In the first scenario, the analysis assumes the impact is transitory and energy prices begin to normalise after one quarter. In this case, NIESR said a temporary jump in energy prices would lead to a 0.3 percentage point (pp) increase in inflation alongside a “negligible impact” on GDP for 2026. It said central banks around the world would most likely understand the shock to be temporary and “look through” the impact.

[This, incidentally, is how BoE policymaker Alan Taylor argued central banks should act, on Monday]

However, in the second scenario, NIESR examined what would happen if the rise in oil and gas prices persisted for one year before normalising at a slower rate. It says this would lead to a 0.7pp increase in inflation in 2026 and 0.5pp increase in 2027 and dampen GDP growth by 0.2% in 2026. It says this rise in inflation would cause the Bank of England to increase rates by 0.8pp, which at the current rate of 3.75% would see it increase to 4.5%.

“If the shock persists, the Bank of England could be forced to raise interest rates back above 4%,” NIESR said.

Ed Cornforth, an economist at NIESR, said:

“The conflict in the Middle East will have material implications for the economic outlook. The Bank of England will have to contend with a shock to global energy prices, with the question of persistence hanging over their heads. This will cause problems for Rachel Reeves as financing costs increase, putting further pressure on an already precarious fiscal outlook”.

Updated

UK engineering firm John Wood Group has been fined more than £12m for publishing
inaccurate information in its financial results.

The Financial Conduct Authority has ruled that John Wood’s accounting judgements were “inappropriately influenced” by its desire to maintain previously stated financial results, after some projects performed poorly.

This caused the Aberdeen-based company to publish inaccurate information in its full-year 2022 and 2023 financial results and its half-year 2024 results, the FCA says.

John Wood is now being taken over by Sidara, in a deal that could complete on March 10.

US consumers may already be feeling the impact of the Iran war:

IFS: UK government may face demands for energy support

IFS director Helen Miller, presenting the thinktank’s take on yesterday’s Spring forecast, warns that if the Middle East conflict continues, the government will “undoubtedly” face a clamour to protect households from the worst of any resulting jump in energy bills - which it should think twice about caving in to.
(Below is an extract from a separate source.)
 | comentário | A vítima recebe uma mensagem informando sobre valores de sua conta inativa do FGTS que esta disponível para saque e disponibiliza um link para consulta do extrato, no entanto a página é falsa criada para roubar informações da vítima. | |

“We have become accustomed in recent times to governments propping up household incomes when bad shocks come along,” she says.
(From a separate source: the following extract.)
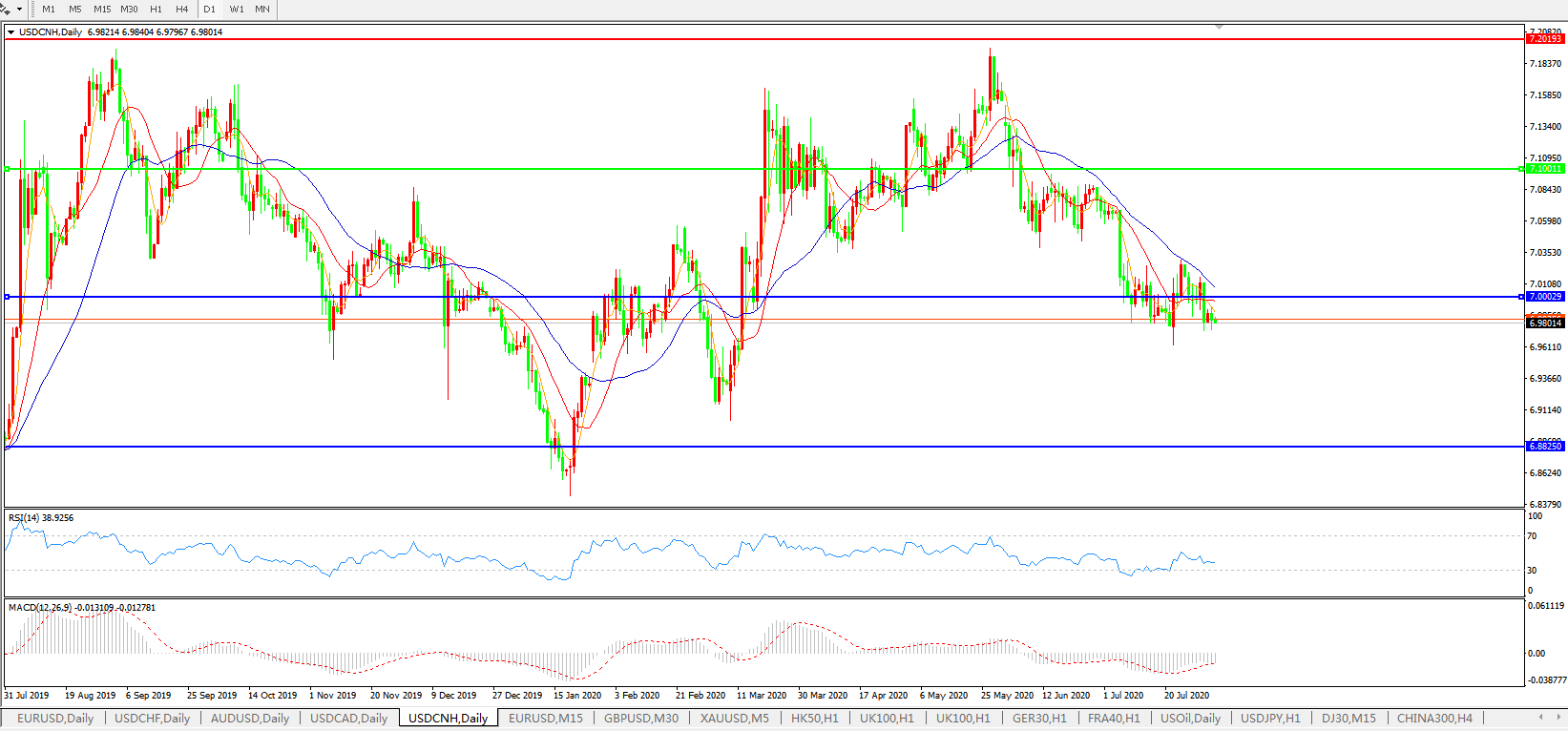 美元兑人民币USDCNH    日线图:

“While there can obviously be benefits to this, protecting household incomes in this way is not costless. This kind of government support is a key reason that debt has been rising in recent years. And, partly because bad shocks keep coming along, and partly because we are aiming only to stabilise debt in the better times, debt keeps rising over time. That can’t go on for ever.”
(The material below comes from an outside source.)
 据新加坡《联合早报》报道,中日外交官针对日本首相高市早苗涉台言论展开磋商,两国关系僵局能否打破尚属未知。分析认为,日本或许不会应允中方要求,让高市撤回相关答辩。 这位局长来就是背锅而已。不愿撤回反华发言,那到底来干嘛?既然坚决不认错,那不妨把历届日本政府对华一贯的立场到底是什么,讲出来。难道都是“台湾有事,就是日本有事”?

Aside from highlighting the consequences of an extended conflict, Miller praised Rachel Reeves for making Tuesday’s statement such a non-event.

But Miller reiterated that to meet her self-imposed fiscal rules by the end of the parliament, the chancellor has pencilled in very tight spending plans in the run-up to the next general election.

Before then, Miller said, “the government will have to decide whether they do in fact think they have the ‘right plan’ or whether they want to raise more taxes so that they can top up spending plans further.”

Markets rally on report of Iran's "secret outreach" to end conflict

European stock markets have suddenly turned higher, and the US dollar is weakening, following a report that Iranian operatives have made an offer to discuss terms for ending the war.

The New York Times is reporting that a day after the attacks began, operatives from Iran’s Ministry of Intelligence reached out indirectly to the C.I.A. with an offer to discuss terms for ending the conflict.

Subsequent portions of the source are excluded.